- [HOW TO COMPLETE THIS TASK] In the listing, locate the line containing "Dane telefonu Auro M401 na Twojej stronie", then quote it and all following lines exactly. Omit pictures.

- [AVAILABLE DATA]
*****

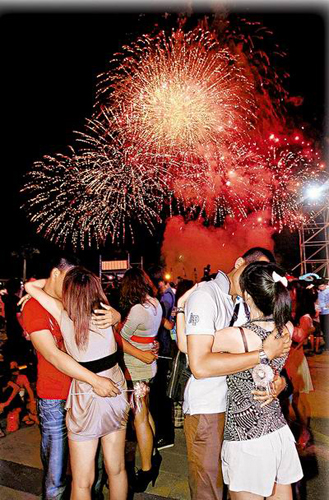 高雄市6日晚在茄萣情人碼頭舉辦“浪漫嗨趴”七夕活動(dòng),邀77對(duì)情人在璀璨的煙火映照下,擁吻77秒宣示愛情,受氣氛感染,臺(tái)下有些未報(bào)名的民眾也擁吻示愛,紀(jì)念七夕夜。圖片來(lái)源:臺(tái)灣媒體
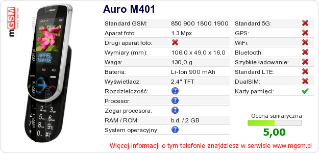 Dane telefonu Auro M401 na Twojej stronie
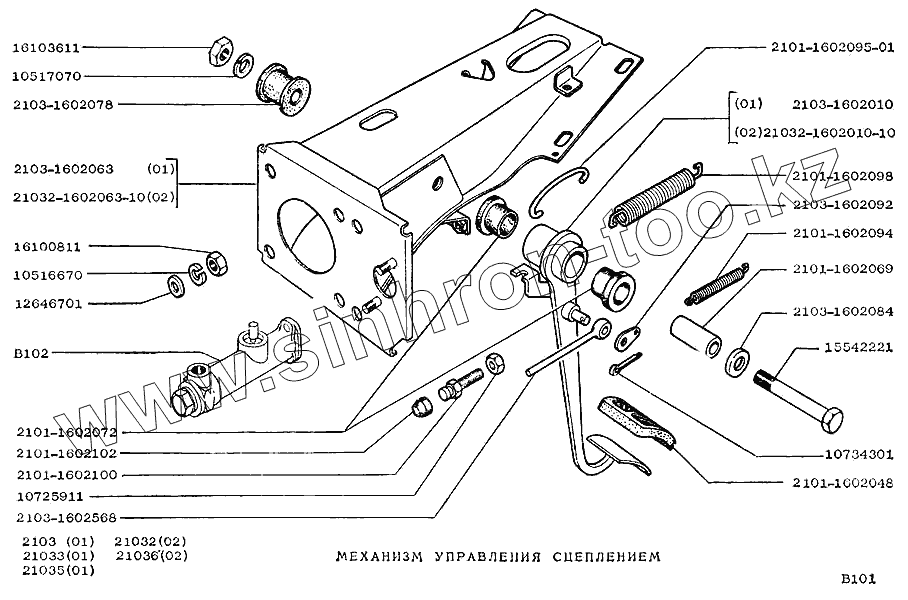 Каталог запасных частей к технике: ВАЗ-2103. Механизм управления сцеплением
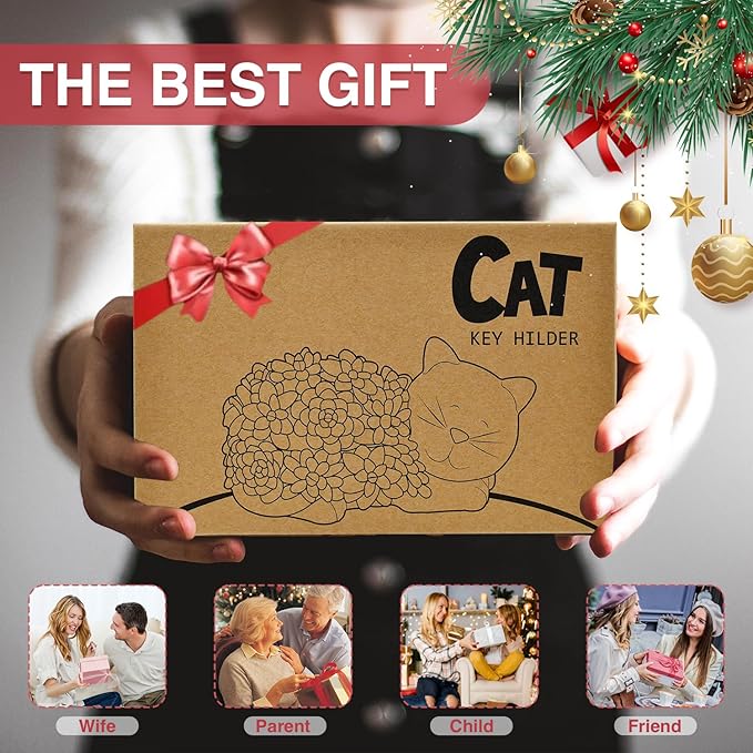 Outdoor Cat Key Hider Statue - Cute Succulent Cat Hide a Key Outdoor Decorative - Small Gift Box for Women, Home Decor & Cat Gifts (Cat)

*****

- [WRITTEN REPLY]
 Dane telefonu Auro M401 na Twojej stronie
 Каталог запасных частей к технике: ВАЗ-2103. Механизм управления сцеплением
 Outdoor Cat Key Hider Statue - Cute Succulent Cat Hide a Key Outdoor Decorative - Small Gift Box for Women, Home Decor & Cat Gifts (Cat)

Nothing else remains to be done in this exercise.